Ans 8: The best way for government to ensure that the short, medium and long term liquidity provided by RBI monetary and credit policy reaches the households and firms affected by the lockdown is to offset the extra risk created by the Government mandated lockdown. The best way to do is through risk sharing, Credit Enhancement or partial collateral guarantees (up to 50%) which leaves the micro-analysis and detailed lending decisions to the Banks and Financial institutions.

Q 9.        Several states have asked the Centre to provide relaxation in the fiscal deficit targets under the FRBM Act. Do you think that the current situation warrants that measure?
Ans 9:  To the extent that Union and State Govt revenues decline due to fall in GDP growth, these act as Automatic stabilizers. In my view automatic stabilizers should be exempt from FRBM targets and most emphatically in the current pandemic crisis. The Union Government must apply this principle both to itself and to the States and allow temporary exemption from fiscal targets equal to the extent of these GDP related revenue declines, so that Automatic stabilizers perform smoothly. On the expenditure side I do not see a big increase of State government obligation, more of a short-term reorganization of expenditures. They latter should include suspension of DA and possible reduction in salaries and wages for those Govt servants sitting at home during the lockdown.

Q 10.      What should be the exit strategy from the lockdown?
Ans 10:  Physical Distancing rules must remain in operation till July end in the entire country. This includes ban on all public gathering (public or semi-private) of more than 5 unrelated adults, 2 meter (6 ft) distancing and personal & social hygiene rules. Govt should facilitate physical distancing by promoting a scheduling/appointment App that makes it easy for sellers of goods and services to schedule and space out customers online and thus make distancing easier.
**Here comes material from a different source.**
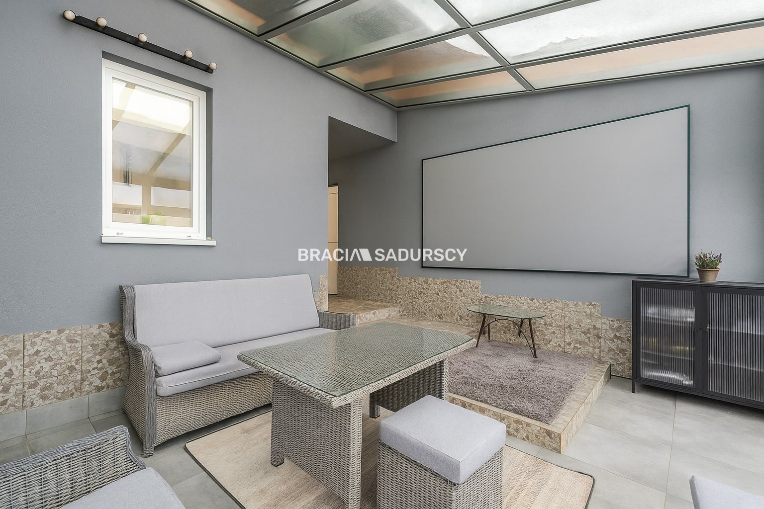 - od strony ogrodu przeszklona oranżeria (ogród zimowy) niezależne ogrzewanie kominkowe możliwość pozostawienia projektora kina domowego (do uzgodnienia)

     Social Lockdown should continue in red zones, but Economic Lockdown must be phased expeditiously. The lockdown must be lifted for Manufacturing, Mining, Construction and Allied Services (MMCAS) even in red zones, as this is critical for smooth functioning of domestic supply chains. Special arrangements must be made for transport of workers to and from work in red zones. Sales of all goods must be facilitated by allowing all shops and establishments to do home delivery, including through drones. However, Contact Services (including dense, retail & wholesale, markets), where there is the greatest danger of viral contagion, should remain locked down in red zones.